A climograph is a graphical representation of a location's basic climate. Climographs display data for two variables:
1. monthly average temperature
2. monthly average precipitation.
These are useful tools to quickly describe a location's climate.

==Representation==

While temperature is typically visualized using a line, some climographs opt to visualize the data using a bar. This method's advantage allows the climograph to display the average range in temperature (average minimum and average maximum temperatures) rather than a simple monthly average.

==Use==
The patterns in a climograph describe not just a location's climate but also provide evidence for that climate's relative geographical location. For example, a climograph with a narrow range in temperature over the year might represent a location close to the equator, or alternatively a location adjacent to a large body of water exerting a moderating effect on the temperature range. Meanwhile, a wide range in annual temperature might suggest the opposite. We could also derive information about a site's ecological conditions through a climograph.

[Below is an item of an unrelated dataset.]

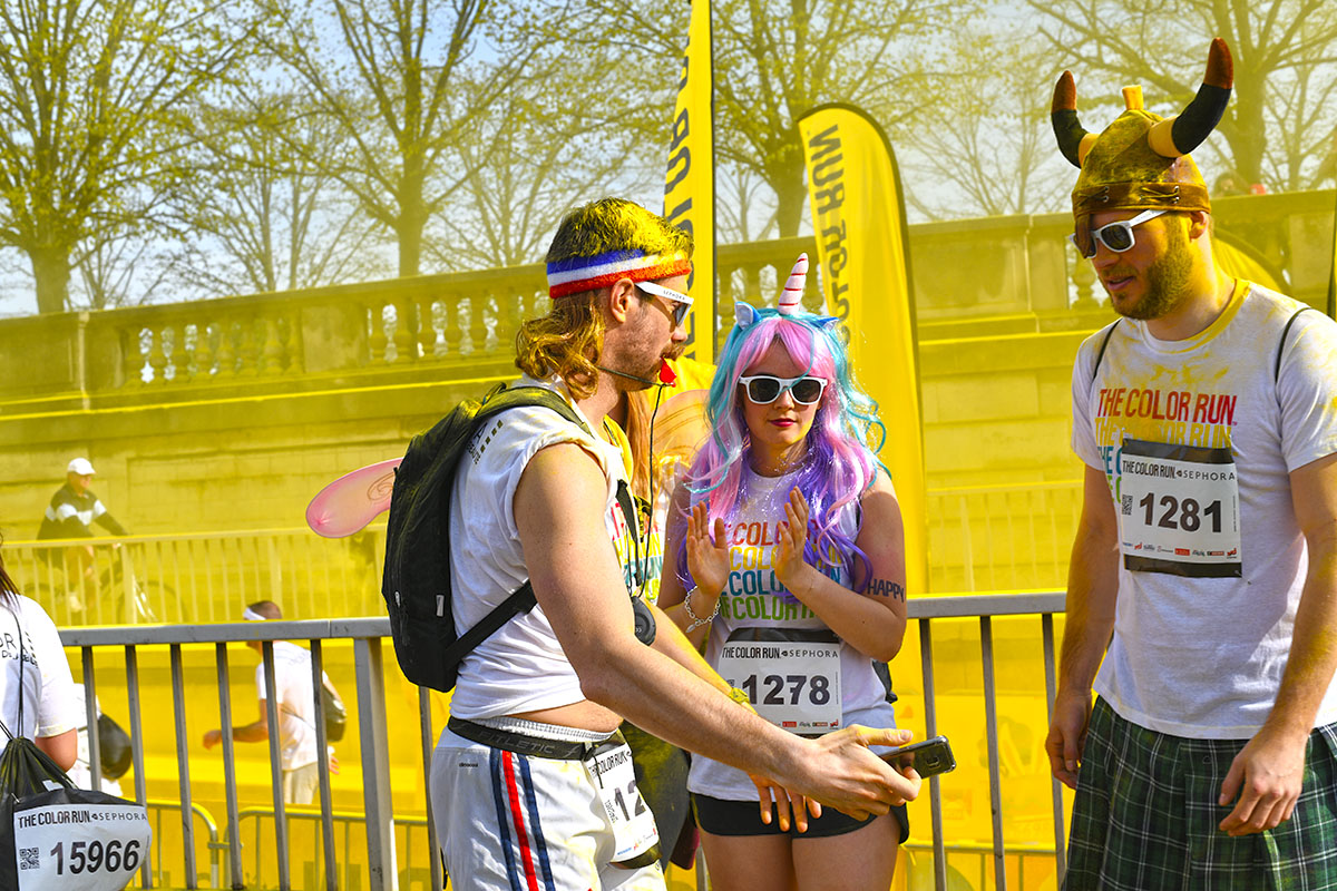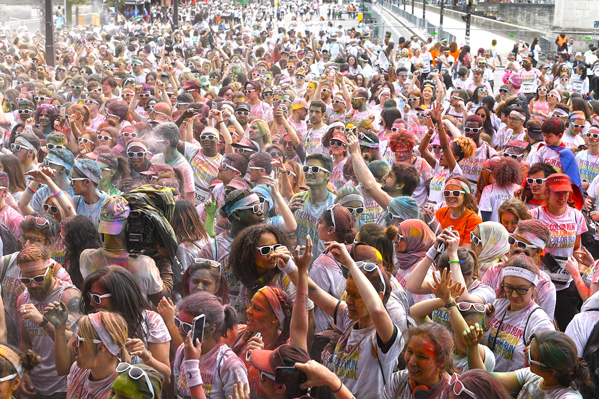 Cinquième édition à Paris de La course The Color Run la plus fun et colorée du monde. Dimanche 16 avril les participants, ont couru pour une bonne cause pour mettre ensemble, de la couleur dans la vie des malades, et aussi pour aider à financer la recherche, des maladies orphelines.

For example, if precipitation is consistently low year-round, we might suggest the location reflects a desert; if there is a noticeable seasonal pattern to the precipitation, we might suggest the location experiences a monsoon season. When combining the temperature and precipitation patterns together, we have even better clues as to the local conditions. Despite this, a number of local factors contribute to the patterns observed in a particular place; therefore, a climograph is not a foolproof tool that captures all the geographic variation that might exist.